What is the smallest class $S$ of ordinals that contains $0$, closed under successor and the limits of omega-sequences, i.e., $$ \forall i \in \omega [\alpha_i \in S] \Rightarrow \sup_{i} \alpha_i \in S. $$
Will it be an initial segment of the class of all ordinals? Or will it contain all ordinals of cofinality $\aleph_0$? What other ordinals does $S$ contain?
Background: I've been reading Chapter 6 of Proofs and Computations by Schwichtenberg and Wainer, where they explain the generalized recursion theory in the abstract setting, in the style of Scott/Plotkin. There, they give a type-theoretic definition of ordinals: the type of ordinals is $$ \mathbf O := \mu_\xi(\xi, \xi\rightarrow\xi, (\mathbf N\rightarrow\xi)\rightarrow\xi). $$ where $\mathbf N$ is the type of naturals. I assume this consists of three constructors, each of which corresponds to zero, successor and limits, respectively, and I believe $\mathbf O$ corresponds to the class $S$ defined above.

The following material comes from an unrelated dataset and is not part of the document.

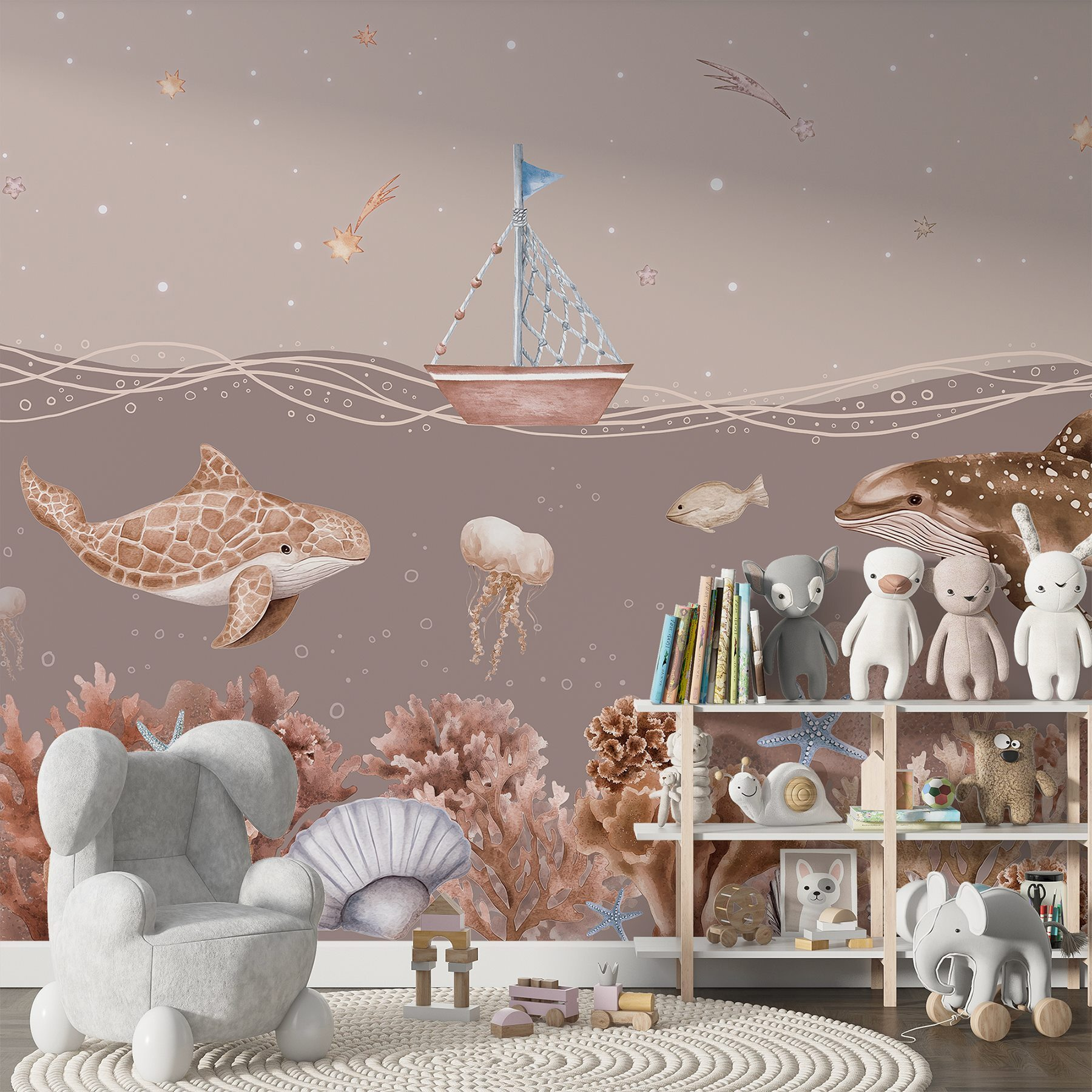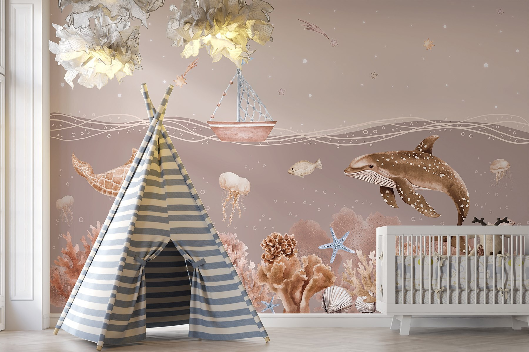 Merülj el a szeszélyes világba ezzel a lenyűgöző falfestménnyel, a “Tengeri élet csónakkal és halakkal” cíművel. Képzelje el: egy szelíd vitorlás hajó, amely a játékos tengeri élővilág felett billeg, és szinte élethűnek tűnik. Olyan, mintha egy titkos víz alatti kalandot látnál a nappalidban! Képzelje el, ahogy a gyerekek (vagy felnőttek!) víz alatti történeteket álmodnak, miközben a teknősöket, medúzákat és vibráló korallokat bámulják. Ez a falfestmény nyugodt, tengerparti hangulatot varázsol minden térbe, és vidámságot kölcsönöz. Tökéletes otthonokba, gyerekszobákba, vagy bárhová, ahol szükség van egy kis óceáni varázslatra. Ki ne mosolyogna ezen a vidám jeleneten?

This gives you exactly the set of all countable ordinals (assuming the axiom of countable choice). Indeed, you can prove by induction that $S$ contains all countable ordinals (every countable limit ordinal is the supremum of all the ordinals below it, which form a countable set). On the other hand, any successor of a countable ordinal is countable and any limit of a countable collection of countable ordinals is countable, since a countable union of countable sets is countable.
As Noah commented, this argument uses the axiom of countable choice to conclude that a countable union of countable sets is countable, and in $ZF$ it is actually possible for $\omega_1$ to be a countable union of countable sets, so $S$ would contain some uncountable ordinals. However, even in $ZF$, $S$ will always be an initial segment of the ordinals. Indeed, if $\beta$ is the least ordinal not in $S$, then let $S'$ be the set of ordinals less than $\beta$. If $\alpha>\beta$, then $\alpha$ cannot be the sup of any collection of ordinals in $S'$, since $\beta$ is a smaller upper bound for any such collection. Similarly, $\alpha$ cannot be the successor of any ordinal in $S'$. Thus $S'$ is also closed under your operations, so $S'$ must be all of $S$.
I don't know whether it's consistent with $ZF$ for $S$ to be all of the ordinals.